DB.SCHEMA
=DB.SCHEMA lists the columns of a source you named with =DB.SOURCE. Use it to discover what you can query before writing the SQL for =DB.QUERY.
Signature
Section titled “Signature”=DB.SCHEMA(source)It takes exactly one source cell. To inspect several sources, call =DB.SCHEMA once per source — there is no multi-source form.
Parameters
Section titled “Parameters”| Parameter | Type | Description |
|---|---|---|
source | cell | A single cell holding the result of =DB.SOURCE. A bare URL, a filename, or an array of sources is rejected — name the source with =DB.SOURCE first. |
Return shape
Section titled “Return shape”DB.SCHEMA spills a 2-column (name, type) grid: one row per column, with no header row. The first column is the column name; the second is its DuckDB type.
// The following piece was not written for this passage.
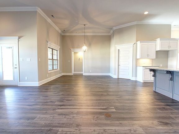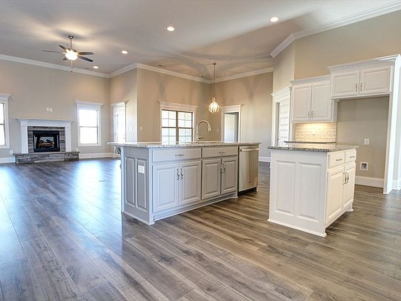 All brick Cambridge Plan D is an open plan with a 3 car side entry garage backed by a 2-10 home warranty.. Home has 4 bedrooms, 3 baths and a sunroom. Home has wood plus flooring (Mohawk Revwood) in all living areas and bedrooms. Great Room features 12' ceiling, extensive trim, gas-log fireplace with upgraded fireplace treatment, wood plus flooring, floor outlet, recessed lights and ceiling fan. Dining room has 10' coffered ceiling, wood plus flooring, extensive trim including shadow box under chair rail. Open Kitchen includes 12' ceiling, custom cabinetry and granite countertops, large island with countertop seating, second prep island, stainless appliances including dishwasher, gas cooktop wall oven and wall microwave, tile backsplash, wood plus flooring, recessed lighting, huge walk-in pantry, and drop zone bench. Breakfast has 12' ceiling, wood plus wood flooring and extensive trim. Master bedroom has 11' double tray ceiling, wood plus flooring, recessed lighting, extensive trim and ceiling fan. Master bath has 11' ceilings, glamour tub, large corner tile shower with two shower heads and rimless door, separate toilet area, large double vanity with granite, huge walk-in closet and access to laundry. Large sunroom has vaulted ceiling, wood plus flooring and ceiling fan. The additional bedrooms have 9' ceilings, ceiling fans, crown molding and wood plus flooring. The additional baths have 9' ceilings, tile flooring and granite counter tops. Laundry has 9' ceilings, custom ca

For the samples sales source the spill looks like:
order_id | INTEGER |
order_date | DATE |
region_id | INTEGER |
product_id | INTEGER |
quantity | INTEGER |
revenue | DOUBLE |
(The grid above shows the two spilled columns; DB.SCHEMA adds no header of its own.)
Limits
Section titled “Limits”- 60-second timeout — describing an unreachable or very slow source is cancelled after 60 seconds with
#N/A. - Recalculation — if the source cell changes while
DB.SCHEMAis resolving, the in-flight describe is cancelled and re-run.
Errors
Section titled “Errors”| Condition | Cell error | Message |
|---|---|---|
| The source host can’t be reached | #N/A | Source not reachable: alias |
| The describe ran longer than 60 seconds | #N/A | Query timed out (60 s) — try a smaller filter |
| The source can’t be parsed as its declared format | #VALUE! | Cannot parse source: … |
| DuckDB rejects the describe | #VALUE! | SQL: … |
Example
Section titled “Example”Name the samples sales file in A1, then list its columns in B1:
A1: =DB.SOURCE("https://dev-fdb.sumpalabs.com/samples/sales.parquet", "sales")B1: =DB.SCHEMA(A1)B1 spills the six (name, type) rows shown above.
See also
Section titled “See also”=DB.SOURCE— name a source before inspecting it.=DB.QUERY— query the columns you discovered here.- Examples — worked end-to-end queries.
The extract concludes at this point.